Developer Onboarding

  • Create a Github account if you don't already have one
  • Install:
    • Visual Studio Community
      • Include the ASP.NET development workload
    • .NET 7
    • WSL (Windows Subsystem for Linux)
      • Install Ubuntu as default distro for best ease of use
    • Docker Desktop
      • After installation you likely need to go into Settings (the cog wheel icon) -> Resources -> WSL Integration -> "Enable integration with additional distros" and enable "Ubuntu"
  • Ask one of the existing devs for a copy of Izzy-Moonbot/Docker Compose/Dev/appsettings.json. This contains secrets such as Discord tokens and database credentials that we don't want to store in GitHub.
  • Add your Discord user id to the "DevUsers" list in appsettings.json, so your instance of Izzy will give you developer permissions.
  • Ask one of the existing devs to add you to the "DevUsers" list in the appsettings.json file on Izzy's production environment.
  • Ask one of the existing devs for an invite to our "Bot Testing" Discord server.
  • Launch a WSL terminal, cd over to <your local repo clone>/Izzy-Moonbot/Docker Compose/Dev, then running docker compose up should launch Izzy and connect her to our Bot Testing server, after which she should start responding to Discord messages there.
    • Use docker compose up -d if you don't want Docker taking over control of your terminal.
  • Open Visual Studio, and ask it to open the Izzy-Moonbot.sln file in this repository. This is what you'll use to edit the code and run unit tests. Make sure Run All Tests succeeds for you.
  • Practice performing all the steps in the manual testing script, since we recommend following that on any significant or risky changes to Izzy.
  • Ask one of the existing devs to add your SSH public key to the ~/.ssh/authorized_keys file on Izzy's production host machine. If you don't have SSH keys already, there are many ways to generate a keypair. Feel free to ask for help generating a keypair if you need it. Using ed25519 keys instead of rsa keys is highly recommended.
    • If you choose to associate a passphrase with your ssh keys, keep in mind you'll need to provide it on every single ssh operation (and if you want to sign your git commits, also on every git operation)
  • To connect to Izzy's production host, ask an existing dev for the user & hostname.
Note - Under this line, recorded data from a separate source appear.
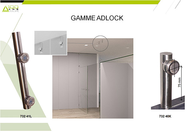La gamme ADLOCK est conçue pour être modulaire, s’appuyant sur des composants très élaborés et parfaitement éprouvés : mécanisme de serrure de sécurité en diamètre 23 mm ; points de serrage pour verre trempé (feuilleté ou non) et pour verre feuilleté non trempé – dia.60mm - ; points de vissage haute résistance usinés dans des tubes ; inserts miniaturisés pour accouplement à des fonctions variées,…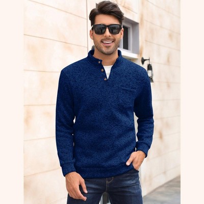 WhizMax Men's Casual Henley Pullover Sweater Slim Fit Knitted Thermal Fleece Polo Sweatshirt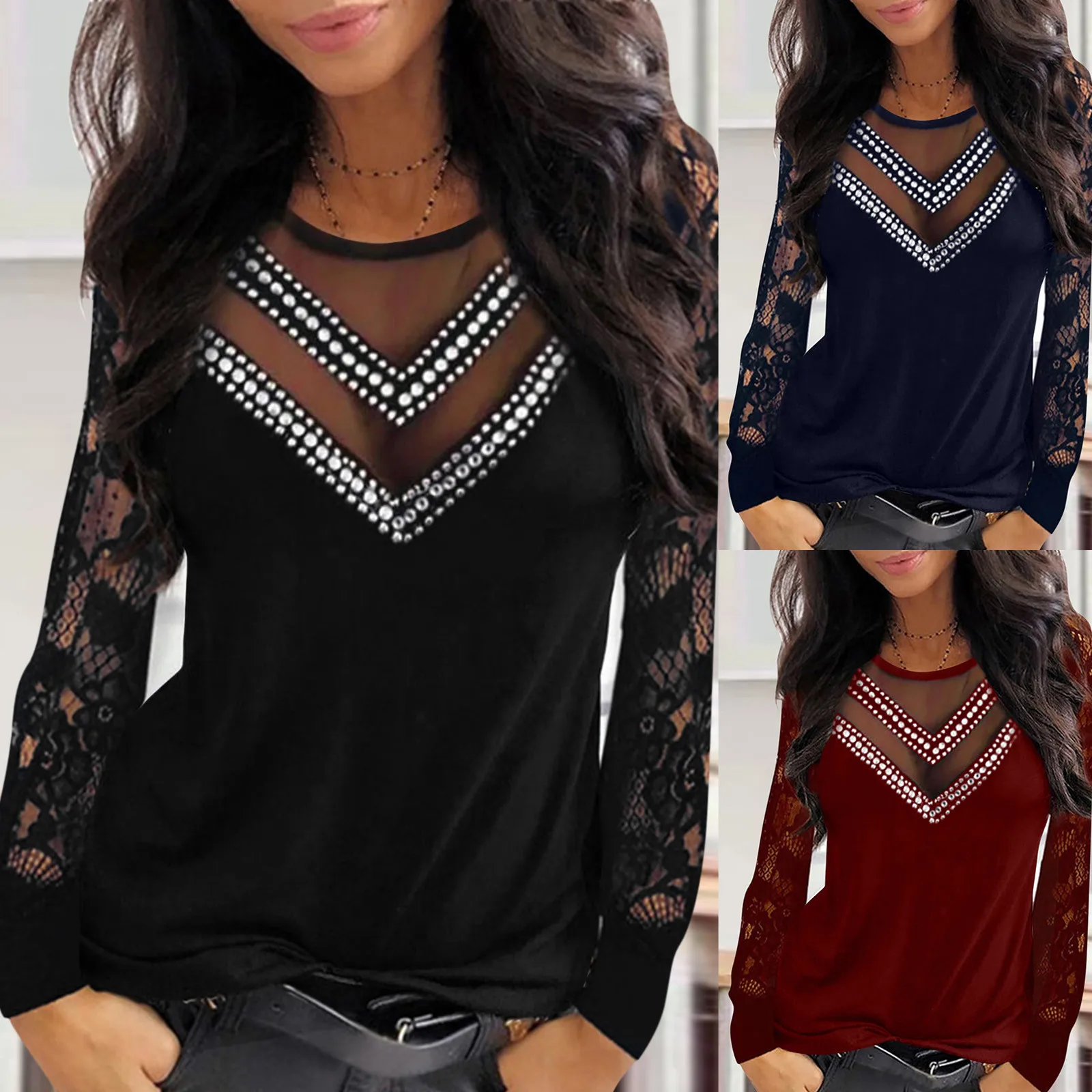 Модная кружевная сетчатая блузка со стразами, женская рубашка с V-о...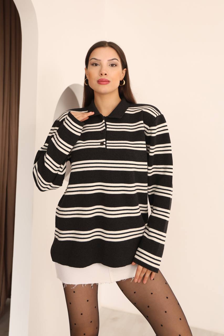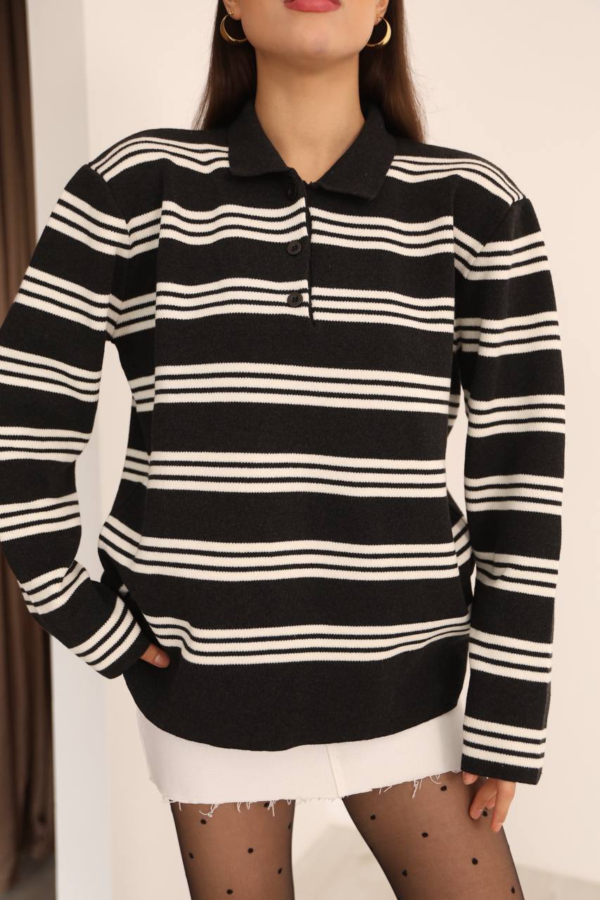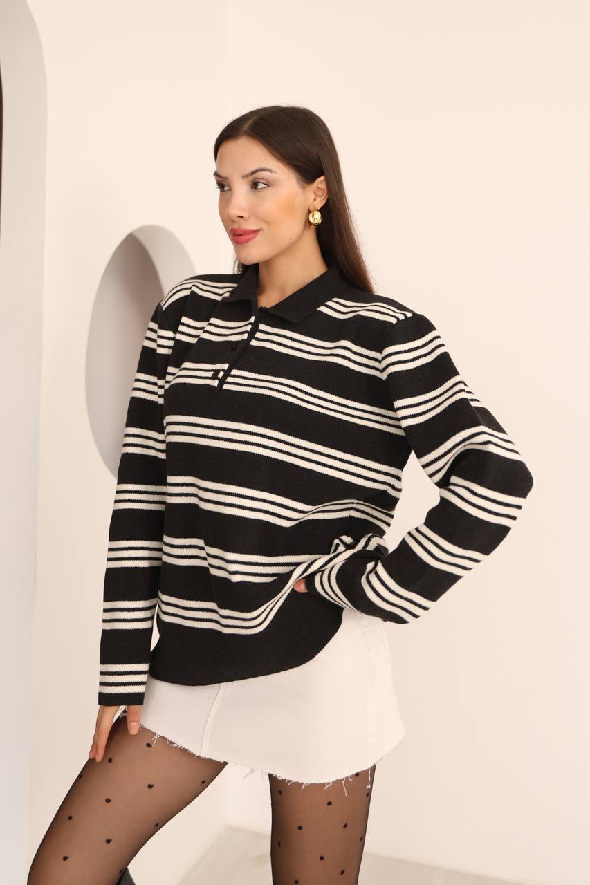 Женский Черный Джемпер Свободного Кроя с Полосками и Воротником Поло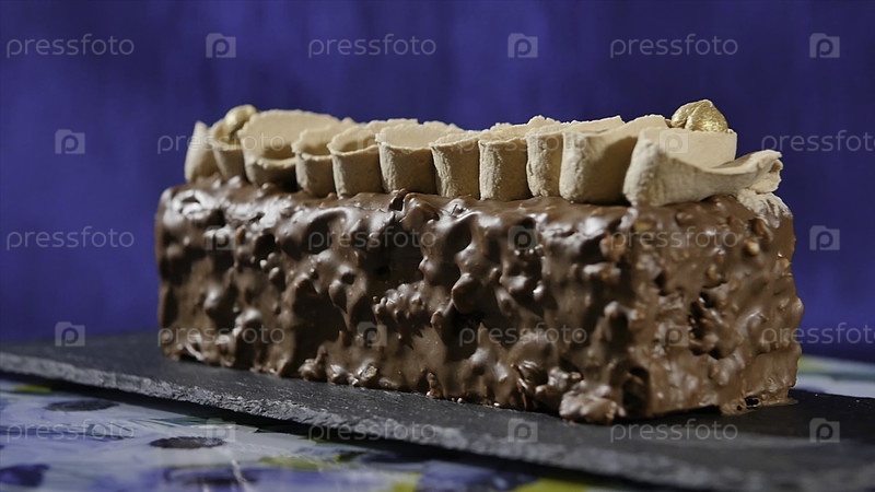 Крем и ореховый торт. Шоколадный пирог с орехами и шоколадными чипсами. Шоколадные карамельные кексы с орехами и сиропом из масла HD

Releasing and Monitoring Izzy

Once all the changes you want to release have been merged onto the mane branch, wait for CI to complete building the Docker images. Image builds are handled by GitHub Actions and are automatically uploaded to GitHub Container Registry. If you have multiple PRs to release/merge into mane, give each CI a few minutes to run before releasing the next one to avoid CI run and package upload conflicts.

Once CI is complete and images are built, the below is the release process for now, until further changes are implemented.

  • SSH into Izzy's prod host
  • cd izzy-compose
  • docker compose up -d --force-recreate --no-deps izzy
  • This will trigger Docker to bring down the old container, pull the latest image, and spin up a new container with the latest image build.
  • You may use docker logs izzymoonbot-izzy-1 -f to monitor Izzy's logs, or access them via the Portainer UI. Logs do not persist between container recreations.